Georgia emergency official wins hefty pay hike after hurricane dustup

This image provided by NOAA. taken Oct. 7, 2016, shows Hurricane Matthew over the Southeastern part of the U.S. (NOAA via AP)

This image provided by NOAA. taken Oct. 7, 2016, shows Hurricane Matthew over the Southeastern part of the U.S. (NOAA via AP)

A top Georgia emergency response official who was threatened with being fired in the middle Hurricane Matthew’s wrath received a hefty pay raise as part of a settlement agreement with the agency.

Clint Perkins, director of the Georgia Emergency Management Agency’s state operations center, got a salary increase of more than $20,000 after a dustup with the department’s then director, Jim Butterworth, during the response to the deadly October storm.

Documents obtained by The Atlanta Journal-Constitution through a public records request shed light on the internal turmoil buffeting the state’s emergency response team while grappling with the hurricane, which left four Georgians dead and tens of millions of dollars in damage in its wake.

The AJC previously reported that Perkins sent staffers what appeared to be a farewell letter the Wednesday after the storm struck, thanking colleagues for "overwhelming" support. At the time, the agency said Perkins was still on the staff and had not been terminated.

But documents show there was more to the behind-the-scenes tempest. A November letter from Perkins’ attorney Kim Worth sought $150,000 in compensatory damages and a roughly $30,000 salary increase for what she called Butterworth’s “unlawful retaliation” toward her client.

“Butterworth’s deliberate decision to terminate Mr. Perkins at the precise moment when GEMA was deploying its resources to respond to Hurricane Matthew was humiliating and irreparably harmed Mr. Perkins’s professional reputation,” wrote Worth.

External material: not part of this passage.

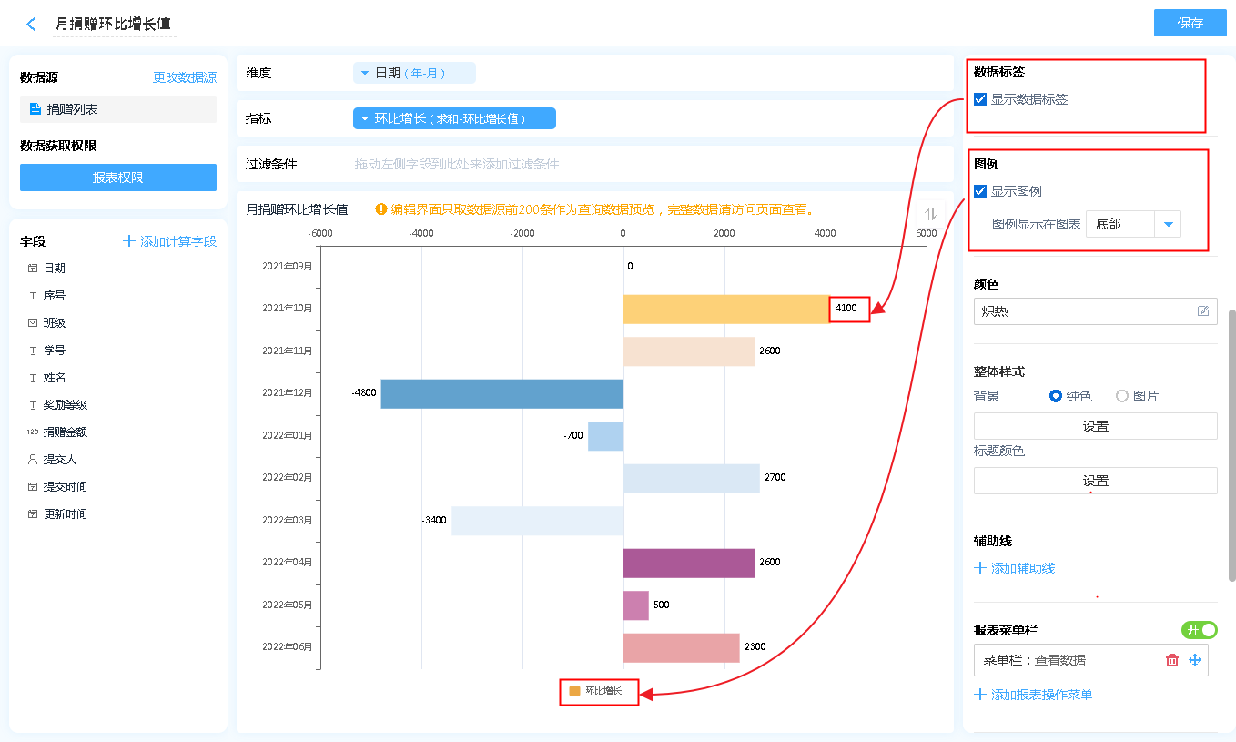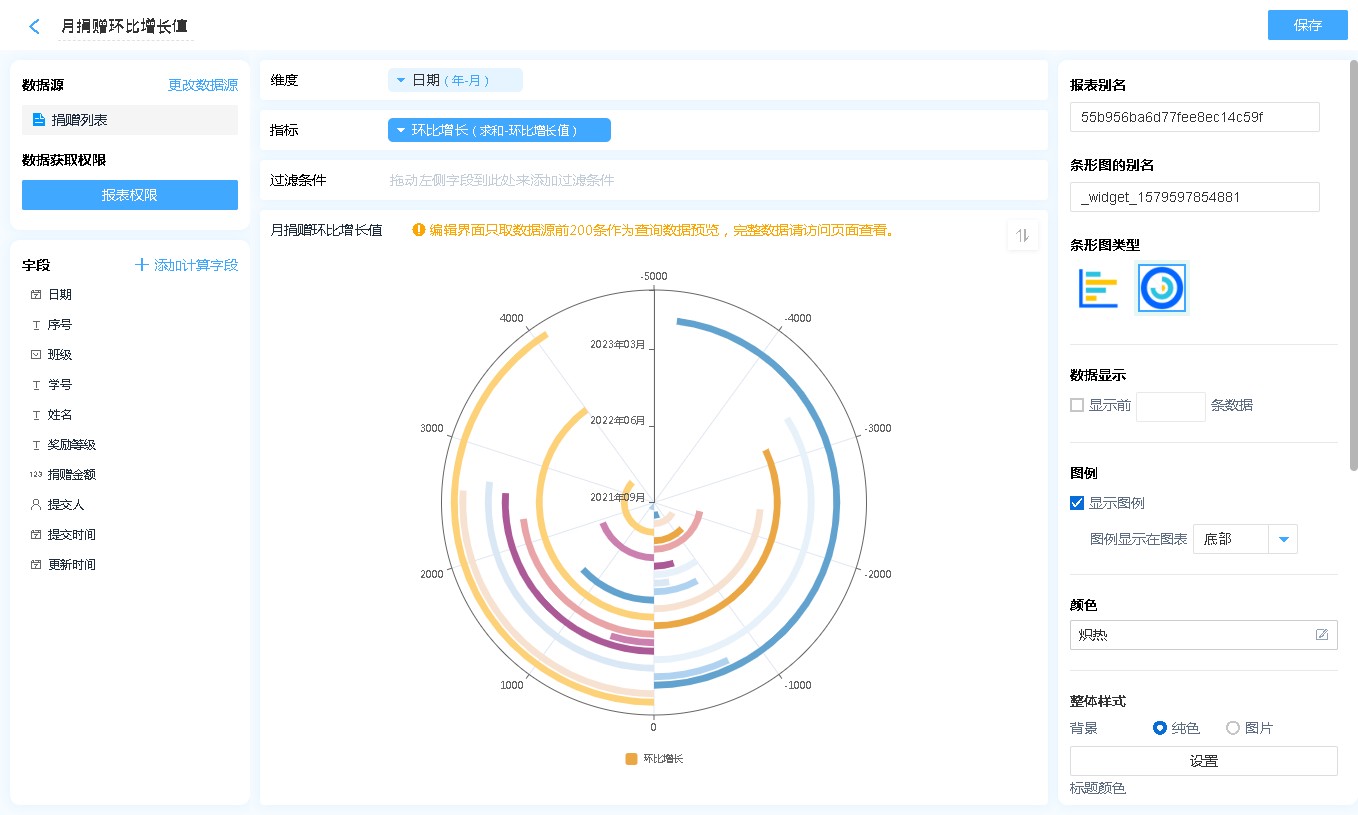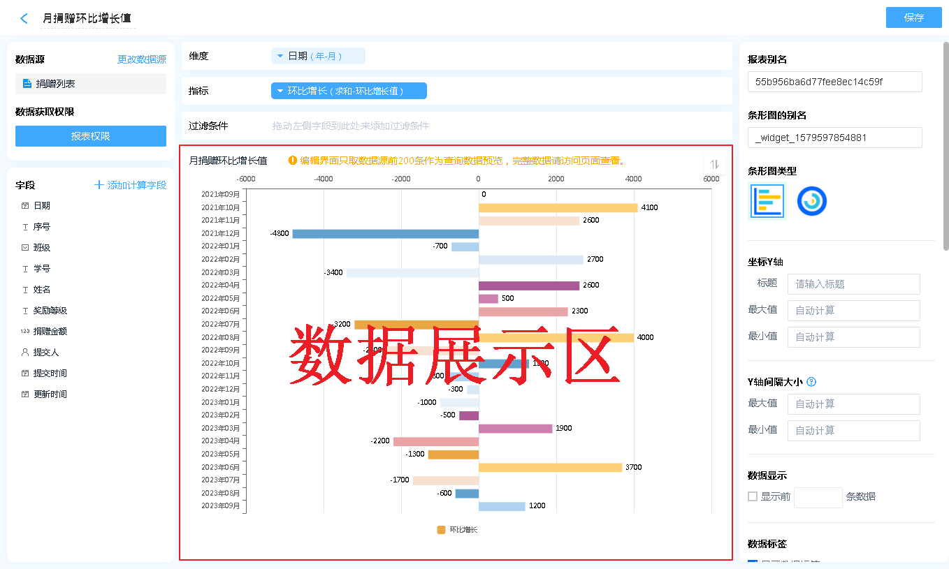 数据源就是指当前条形图表的数据来源,可以是表单、数据视图。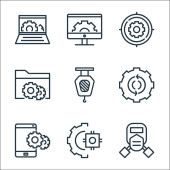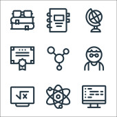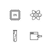 technologia przyszłych ikon linii. zestaw liniowy. zestaw linii wektorowych jakości, takich jak cpu, uav, nauka

Perkins wasn’t ultimately fired.

In a Jan. 30 settlement agreement, the state agreed to hike Perkins' salary to $86,500, from the roughly $65,000 he earned in 2016. The legal compact included no admission of wrongdoing or liability from either party, and no mention of compensatory damages.

Attorneys for the state and Perkins declined further comment. Perkins, too, has declined to comment on what happened.

Shortly after the storm passed, Butterworth sent word that he was leaving for a private-sector job. Deal's top aide said it was a long-planned departure and that Butterworth, a former head of the Georgia National Guard, had briefed the governor on his plans in September.

But before Butterworth left, he weighed in one final time on the Perkins issue. He wrote a Nov. 3 email to an agency attorney, urging him to deny Perkins’ “highly opportunistic” request for damages and a salary increase, and he suggested that the state file a countersuit accusing him of “frivolous” litigation if the employee sued.